Nerea Calvillo
Nerea Calvillo explores the material, technological, political, and social dimensions of environmental pollution, at the intersections between architecture, feminist studies of technoscience, new materialisms and urban ecological policies. She is presently working on toxicity and politics, pollen, and queer urban political ecology, as she completed her manuscript for Aeropolis: Sensing Open Air, Pollution and Queer Political Ecologies.

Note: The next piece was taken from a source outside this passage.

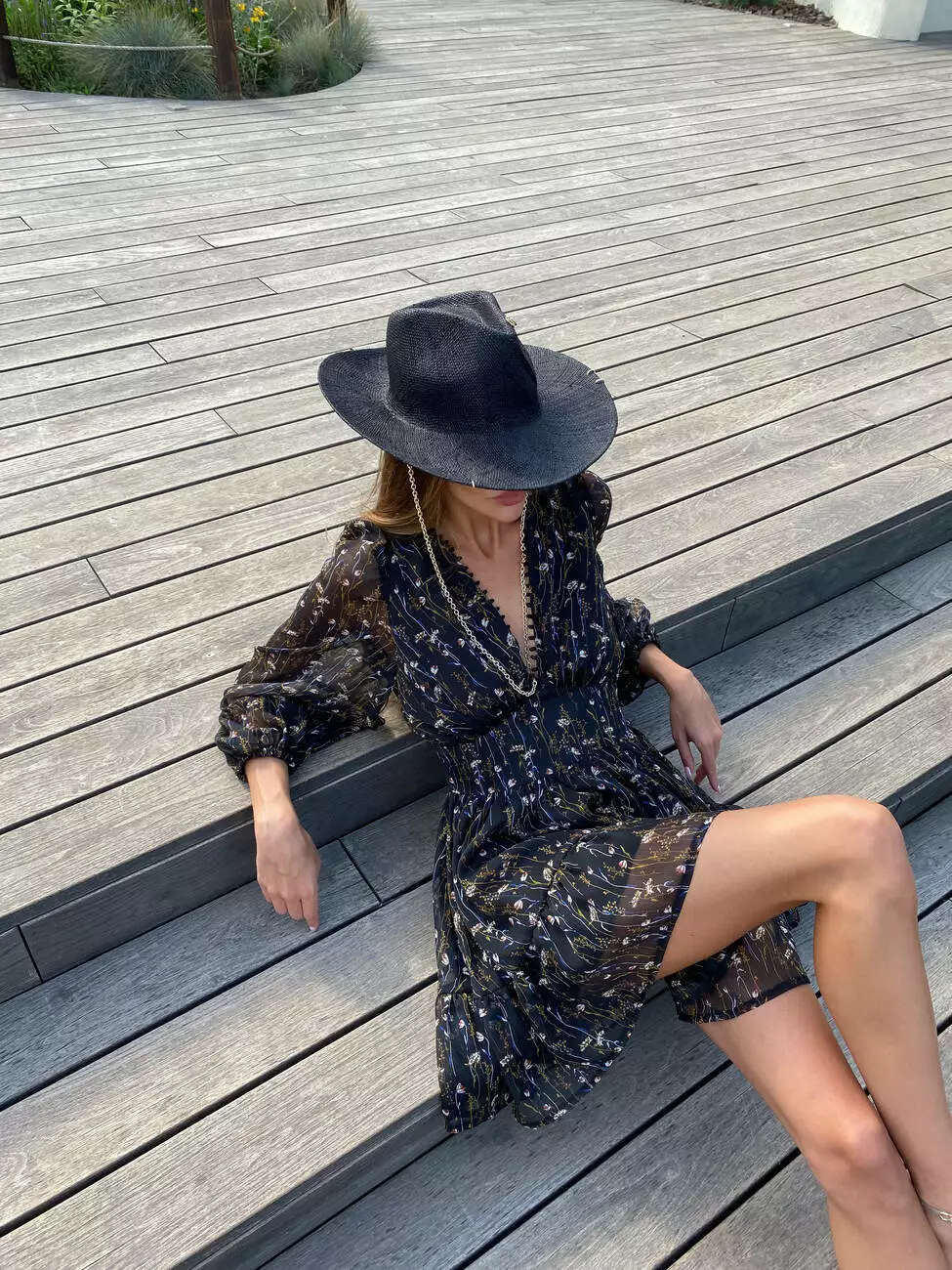 Легка та романтична сукня у квітковий принт має V-подібний виріз та довжину рукава 3/4.

She is Associate Professor at the Centre for Interdisciplinary Methodologies, University of Warwick, and adjunct assistant professor in the Master of Science in Advanced Architectural Design, Columbia University, New York. She co-founded C+ arquitectas and In the Air, a joint research project looking into environmental mediations. Her work has been presented and exhibited in international venues such as the Canadian Centre for Architecture, the Royal Academy of Arts, and the Museo de Arte Contemporáneo de Chile. She is co-editor of the special edition of Toxic Politics (Social Studies of Science, 2018) and also of the book What Urban Media Art Can Do – Why When Where & How? (av edition, 2016).
How can we know about the environments that refuse being sensed? About environments sensed through bodies in pain? How can we recognize what we/it is sensing? Is sensing a mediation, and if so, can it be environmental? These questions are addressed through Aeropolis, a conceptual, methodological and discursive framework to think about air and its pollution as material, situated, embodied and socio-technical assemblages. As a transfeminist project, Aeropolis embraces the multiplicity of ways in which the air and its pollution are conceptualized, suffered and dealt with. In particular, the presentation unpacks different ways of air sensing, from institutional monitoring networks, to DIY citizen science projects to physical perceptions of pollution, to identify what counts as evidence in toxic regimes, who does the sensing and what exactly is being sensed. As a design and political project, Aeropolis aims to multiply the spaces of intervention through Environmental Mediations, experimental artifacts to sense differently in and within our polluted worlds.